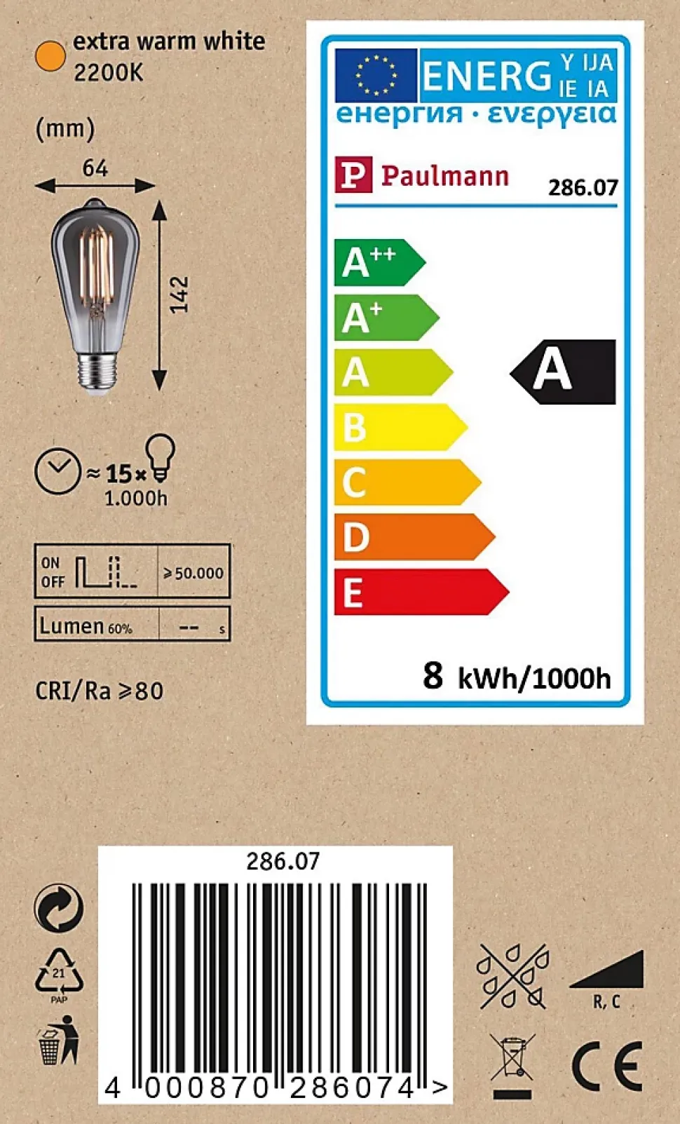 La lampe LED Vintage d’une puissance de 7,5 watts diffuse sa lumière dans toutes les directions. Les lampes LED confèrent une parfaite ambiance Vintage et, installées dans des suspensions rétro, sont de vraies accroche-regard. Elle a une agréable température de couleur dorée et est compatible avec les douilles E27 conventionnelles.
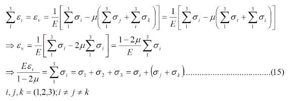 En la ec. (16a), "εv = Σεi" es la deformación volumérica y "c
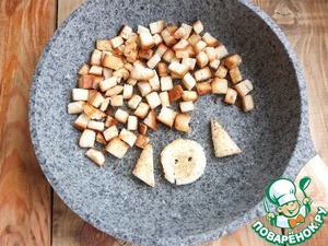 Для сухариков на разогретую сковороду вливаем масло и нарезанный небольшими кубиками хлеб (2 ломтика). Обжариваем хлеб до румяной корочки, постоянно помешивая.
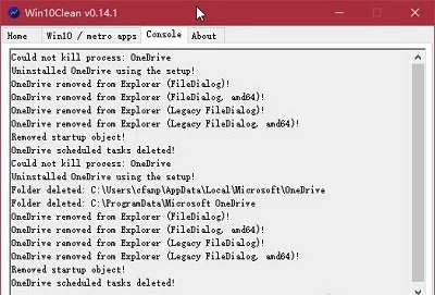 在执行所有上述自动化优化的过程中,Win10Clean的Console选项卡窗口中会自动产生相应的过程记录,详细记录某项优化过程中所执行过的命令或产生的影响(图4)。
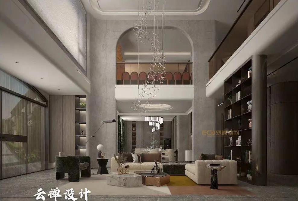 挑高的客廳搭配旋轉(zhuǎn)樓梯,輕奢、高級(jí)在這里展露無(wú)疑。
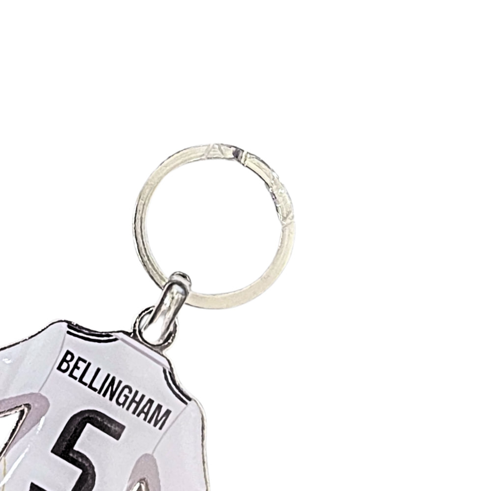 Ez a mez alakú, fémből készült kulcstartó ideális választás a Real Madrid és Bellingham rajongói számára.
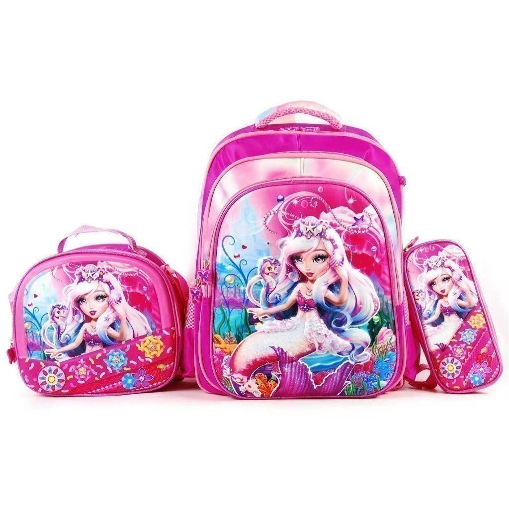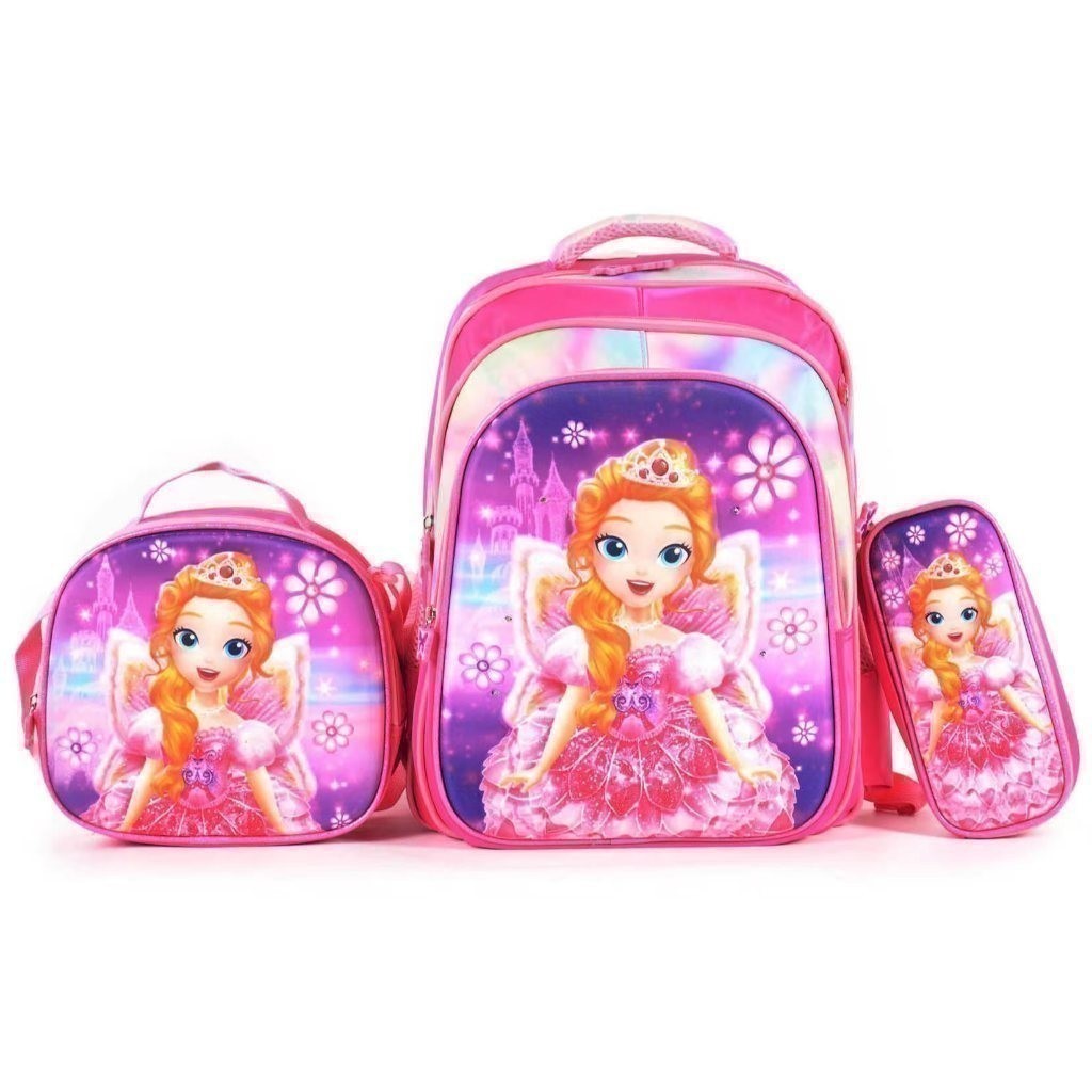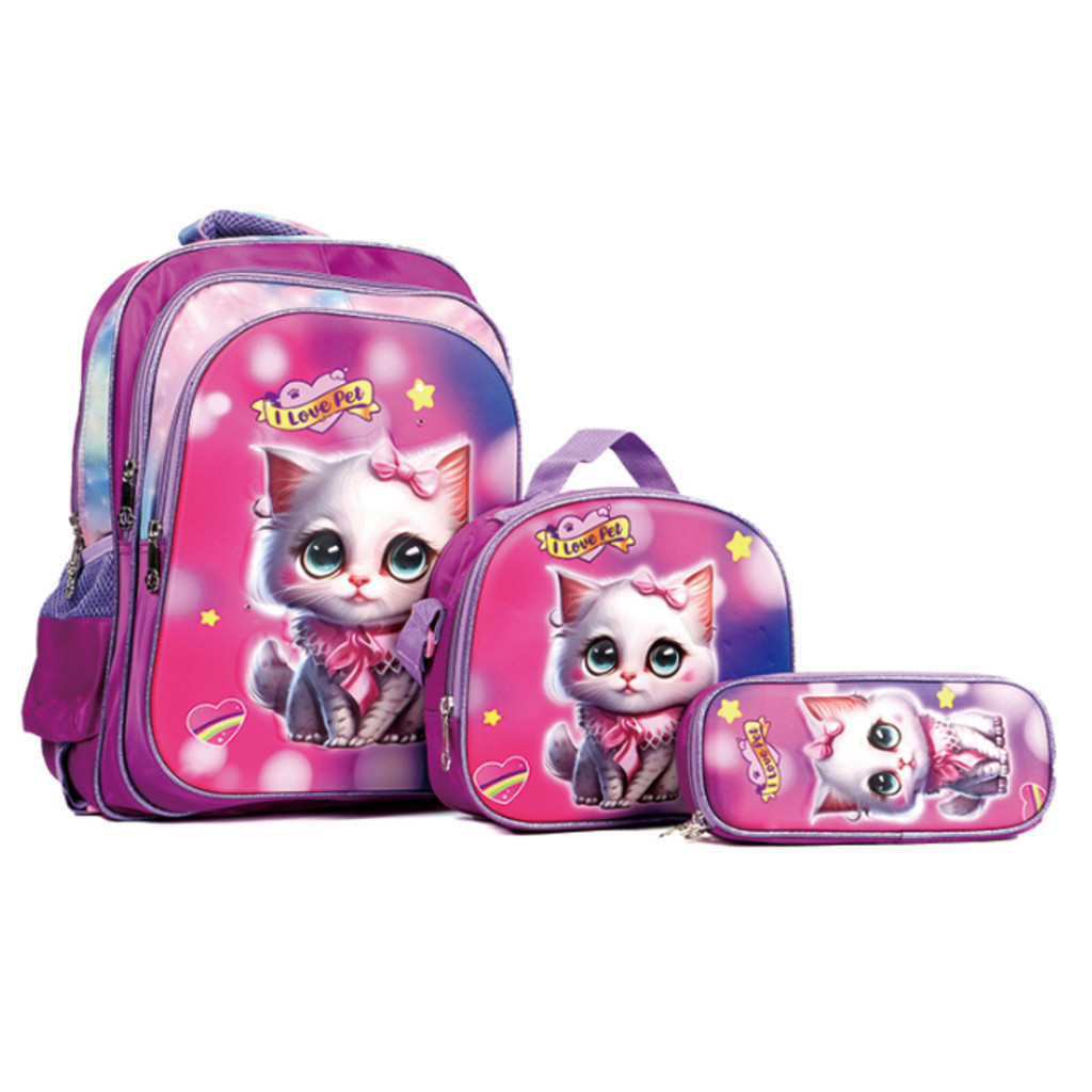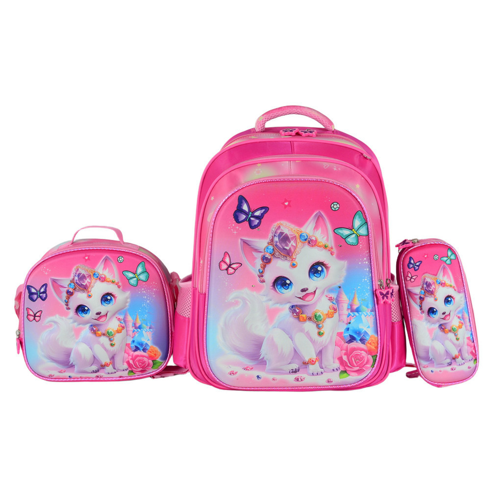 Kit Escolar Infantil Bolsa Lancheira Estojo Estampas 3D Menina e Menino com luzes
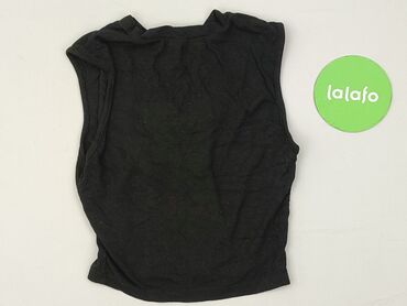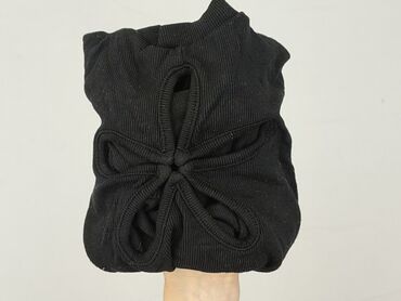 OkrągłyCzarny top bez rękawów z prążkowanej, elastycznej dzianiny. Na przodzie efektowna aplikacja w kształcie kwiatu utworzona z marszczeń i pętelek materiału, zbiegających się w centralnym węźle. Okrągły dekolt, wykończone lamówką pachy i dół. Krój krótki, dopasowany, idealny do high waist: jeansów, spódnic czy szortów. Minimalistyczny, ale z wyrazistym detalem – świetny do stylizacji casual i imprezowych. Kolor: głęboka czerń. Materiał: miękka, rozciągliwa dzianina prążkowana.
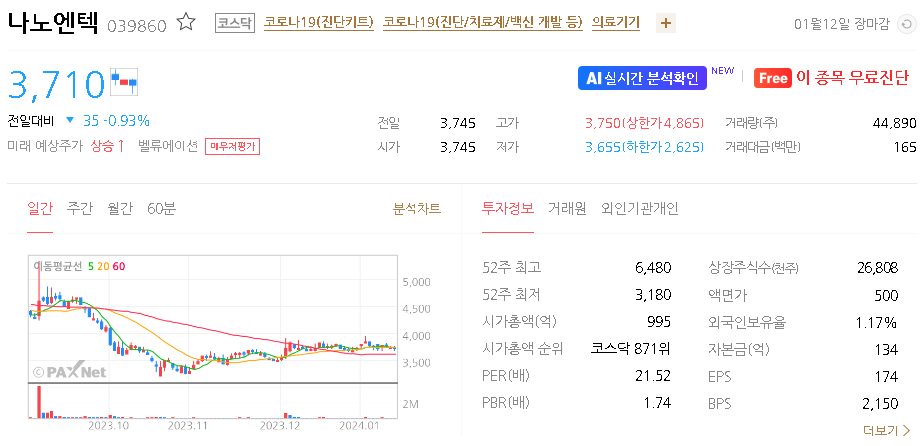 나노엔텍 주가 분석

....

■ **BRIEF**: Could the data above be returned in full, exactly, with every image left out?

■ **EXPECTED ANSWER**:
 La lampe LED Vintage d’une puissance de 7,5 watts diffuse sa lumière dans toutes les directions. Les lampes LED confèrent une parfaite ambiance Vintage et, installées dans des suspensions rétro, sont de vraies accroche-regard. Elle a une agréable température de couleur dorée et est compatible avec les douilles E27 conventionnelles.
 En la ec. (16a), "εv = Σεi" es la deformación volumérica y "c
 Для сухариков на разогретую сковороду вливаем масло и нарезанный небольшими кубиками хлеб (2 ломтика). Обжариваем хлеб до румяной корочки, постоянно помешивая.
 在执行所有上述自动化优化的过程中,Win10Clean的Console选项卡窗口中会自动产生相应的过程记录,详细记录某项优化过程中所执行过的命令或产生的影响(图4)。
 挑高的客廳搭配旋轉(zhuǎn)樓梯,輕奢、高級(jí)在這里展露無(wú)疑。
 Ez a mez alakú, fémből készült kulcstartó ideális választás a Real Madrid és Bellingham rajongói számára.
 Kit Escolar Infantil Bolsa Lancheira Estojo Estampas 3D Menina e Menino com luzes
 OkrągłyCzarny top bez rękawów z prążkowanej, elastycznej dzianiny. Na przodzie efektowna aplikacja w kształcie kwiatu utworzona z marszczeń i pętelek materiału, zbiegających się w centralnym węźle. Okrągły dekolt, wykończone lamówką pachy i dół. Krój krótki, dopasowany, idealny do high waist: jeansów, spódnic czy szortów. Minimalistyczny, ale z wyrazistym detalem – świetny do stylizacji casual i imprezowych. Kolor: głęboka czerń. Materiał: miękka, rozciągliwa dzianina prążkowana.
 나노엔텍 주가 분석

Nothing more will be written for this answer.